Первому поколению нью-йоркских интеллектуалов была свойственна любовь к безрассудным идеям и экстравагантным точкам зрения, приправленным изрядной дозой реваншизма. Лайонел Абель вспоминает, что в молодости боялся зайти в ванную на вечеринке из опасения получить вербальный нож в спину. Позднее Норман Подгорец и другие хроникеры этого движения сравнивали его участников с разросшейся семьей, имея в виду в том числе и тягостные черты, присущие семейной драме: внутренние разборки, быстро возникающие и стремительно распадающиеся альянсы, привязанность, оборачивающаяся враждой, и любовь, неотличимая от ненависти. Эти люди были крайне озабочены своими взаимоотношениями, но по большей части равнодушны к тому, как они выглядели со стороны. Однако в целом нью-йоркские интеллектуалы общались с миром посредством своей печатной продукции. Ханна Арендт завоевала известность благодаря своему исследованию происхождения тоталитаризма, а Ричард Хофстадтер - благодаря книге о параноидальном стиле политического поведения правых радикалов. Взаимоотношения этих персонажей с другими членами семьи публичных интеллектуалов стали предметом общественного интереса лишь через много лет после их смерти. Дэниэл Белл пишет по этому поводу в "Извилистом пути" (The Winding Passage): "В нашей группе гордились тем, что ее участники придавали значение только идеям, и никому не приходило в голову судить о людях как о знаменитостях".
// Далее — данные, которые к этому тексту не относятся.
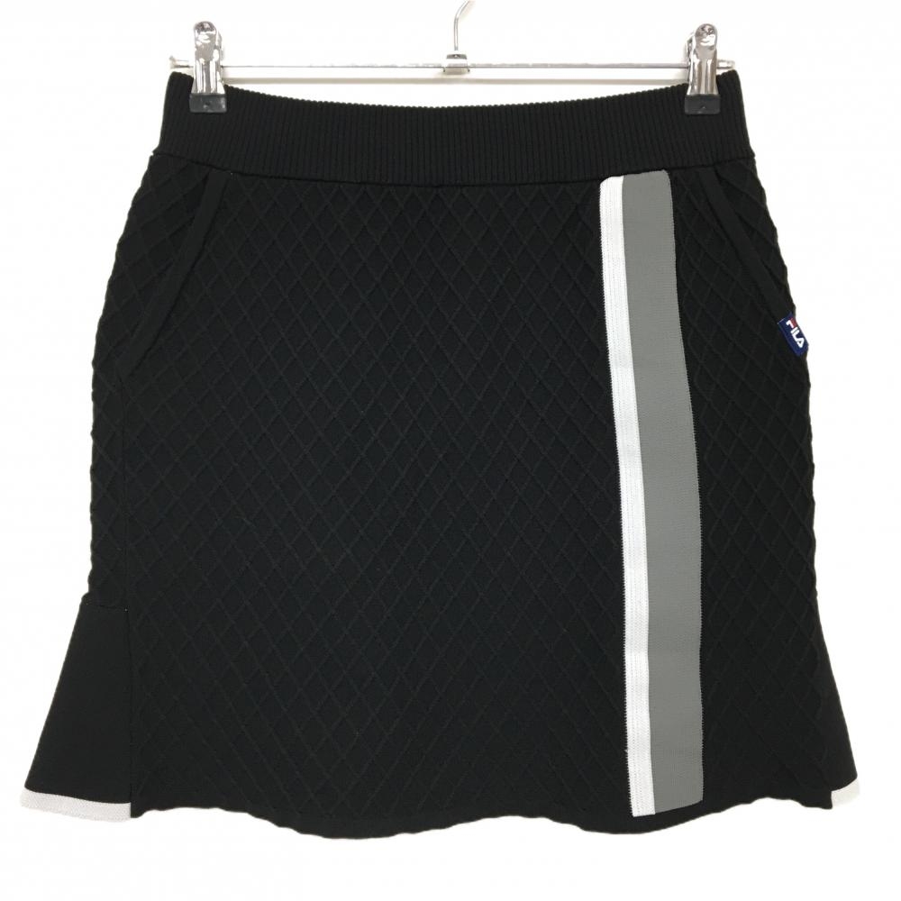 【超美品】フィラゴルフ スカート 黒 ロゴ総柄地模様 内側インナーパンツ レディース L ゴルフウェア FILA GOLF

Ситуация изменилась с появлением Новых левых. Интеллектуалы, задававшие тон в 1960-е годы, испытывали комплекс неполноценности по отношению к "людям тридцатых годов" (они не могли избавиться от ощущения, что находятся "в их тени") и пытались кроить свое политическое поведение - как в содержательном, так и в стилевом отношении - по лекалам этого беспокойного десятилетия. Но это был тот случай, когда история, разыгравшаяся некогда как трагедия, повторилась затем в виде фарса. Как заметил впоследствии Белл, 1960-е оказались на поверку гигантским медиасобытием. Для того чтобы присоединиться к дебатам, достаточно было получить доступ к импровизированной трибуне и мегафону.

Интеллектуалы, принадлежавшие к Новым левым, видели своего главного врага (которого нещадно обличали в печати и на уличных митингах) в либеральном центризме, сумевшем отбиться от правых десять лет назад. Страстные лозунги 1930-х, не выходившие за рамки классической классовой борьбы, сменились манифестами, пропитаннымии идеями революционного насилия, власти черных и сокрушения империализма. Некоторые члены старой гвардии ответили ударом на удар, завязалась серьезная перепалка. Ирвинг Хоу вспоминал, что Том Хейден "скомпрометировал слово ‘оппортунизм’". В результате большинство "старых левых" смирилось с поражением. Самый большой вклад в диалог о законности и порядке внесло "Нью-Йоркское книжное обозрение" (New York Review of Books), поместившее на своей обложке формулу коктейля Молотова вскоре после волнений в Ньюарке.

Именно тогда личное приобрело статус политического, причем не только в Движении, но также и в более широких кругах интеллектуального истеблишмента; как сказано в "Радикальном шике" (Radical Chic) Тома Вулфа, "дуновение слезоточивого газа проникло в салоны Нью-Йорка". Жажда публичного признания приобрела среди интеллектуалов характер одержимости, она деформировала карьеры таких фигур, как Норман Мейлер, и дело дошло до того, что эти, вроде бы, "серьезные люди" сделались неотличимыми от нарциссистов мелкого пошиба типа Эбби Хоффмана. 1960-е ознаменовали собой наступление новой эры - эры интеллектуалов-знаменитостей, которые с легкостью переходили от одной темы к другой, ибо видели свою задачу в одном: высказать как можно больше экстравагантных - и, по возможности, шокирующих - мнений.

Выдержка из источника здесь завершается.